“Your eyebrows feel funny.” She said.
I raised my index finger up and lightly touched them, feeling what she meant.
“Ohhh, that’s my eyebrow gel. It keeps my eyebrows in place– so they don’t wave all over the place,” as I waved my fingers at her in over exaggeration and she giggled.
Her face grew serious and she put her pint-sized hands on either side of my face, “Mommy? You’re very pretty. But sometimes–”
Uh-oh here it comes, I thought— the disclaimer that will probably point out the things I am painfully aware of. (Seriously, this is the same kid who pointed out that my rear end was almost as large as my 5 month pregnant belly when her sister was still growing in there. She is one of those honest types.)

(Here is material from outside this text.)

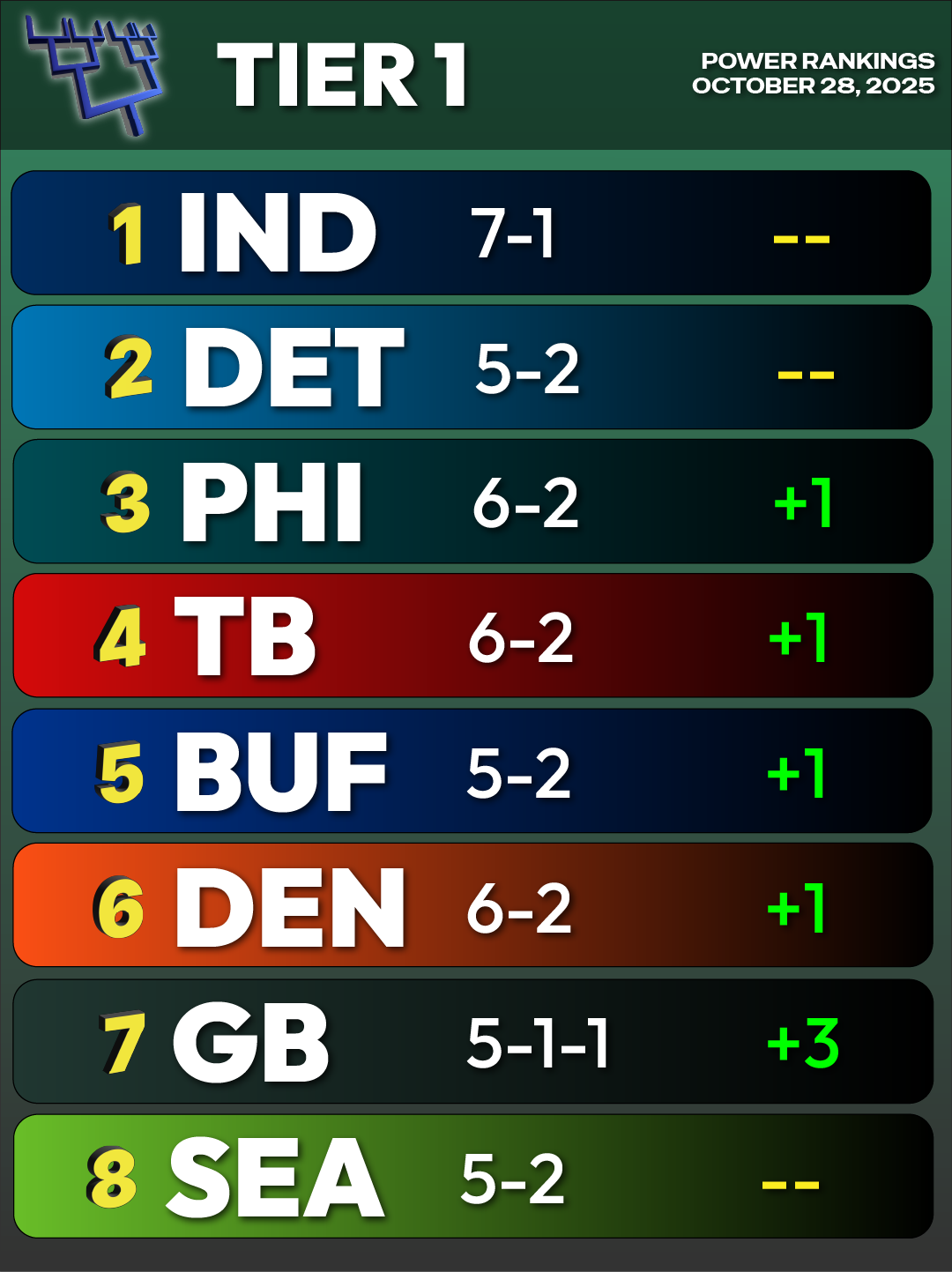 NFL Power Rankings - Tier 1 - Teams 1-8 - 10-28-2025 - 1 Indianapolis, 2 Detroit, 3 Philadelphia, 4 Tampa Bay, 5 Buffalo, 6 Denver, 7 Green Bay, 8 Seattle

I steeled myself for what was coming but she shook her head and continued, “Sometimes, I just like your face with nothing else on it. No makeup. Just skin.”
Those green eyes, reflecting the light back to me– revealed that she meant every precious word. Unfortunately, I immediately remembered frowning into my bedroom mirror that morning. Paying close attention to every little thing that was anything but “very pretty,” in my mind. I don’t always do that– but the last six weeks I’ve been benched from my usual exercise and my eyes have been given that special fancy spring pollen treatment. It’s been way too much scrutiny and not nearly enough thanksgiving over here.

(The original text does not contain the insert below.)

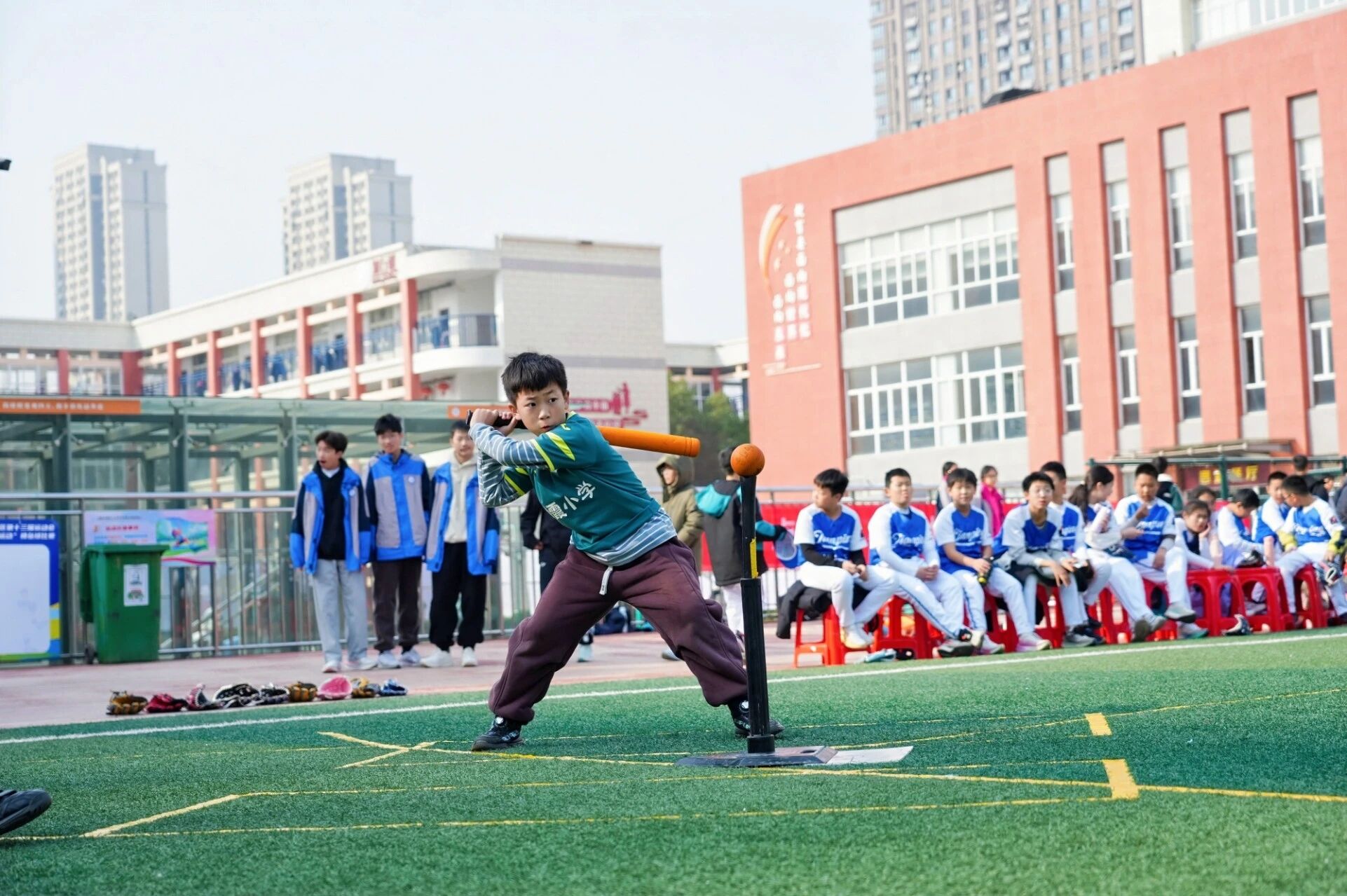 画面定格:赛场上,孙浚熙同学双手紧握垒球棒,身体如弓弦般绷紧,目光如炬直视前方。阳光勾勒出他专注的侧影,蓄势待发的姿态里,凝聚着整支队伍一个月汗水凝结的力量。

I ache at the thought of my daughters, one day frowning at the girl in the mirror. I am determined that they walk these halls in complete assurance of their God-made-ness. My heart follows behind them with a pitcher of kind words and truth spoken into their little hearts, hoping to top off their cup at every turn.

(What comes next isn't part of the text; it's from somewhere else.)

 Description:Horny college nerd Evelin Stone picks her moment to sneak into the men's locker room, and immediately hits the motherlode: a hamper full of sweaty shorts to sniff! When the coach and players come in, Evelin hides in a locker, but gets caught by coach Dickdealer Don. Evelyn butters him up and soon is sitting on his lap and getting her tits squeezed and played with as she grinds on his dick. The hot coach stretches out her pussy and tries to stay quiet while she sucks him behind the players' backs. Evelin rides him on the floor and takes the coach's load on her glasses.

And even in my desperate desire to always be the cup filler, I still miss it.
I see their eyes catch the light and the curves of their tiny heart-shaped faces. I savor their delicate grace like only their mother can, the one whose imperfect body was their first home.
Their upturned faces are more than I can handle in the way of breathtaking and all I can do is sigh and smile. But the way I SEE them? It’s familiar.
And in that moment, when my love for them takes every bit of swallowing back tears that I can muster– I remember that I see them in a bit of the same way that God sees me.
And I wish I saw myself regularly in that beautiful filter that comes from knowing what is true.
“I praise you, for I am fearfully and wonderfully made. Wonderful are your works; my soul knows it very well.” Psalm 139:14
But there are still times when we do not feel wonderfully made, when we forget that He has made us in HIS image, when our souls do not know it very well at all. When I am blinded by what I think I see– maybe that is the very moment when I need to KNOW it very well.
May we take a step back and notice the loving gaze of the One who made us with His own hands and makes no mistakes.
And perhaps we should also notice who is coming behind us– watching us and our reflection in the mirror. May they often see us smiling instead of scowling.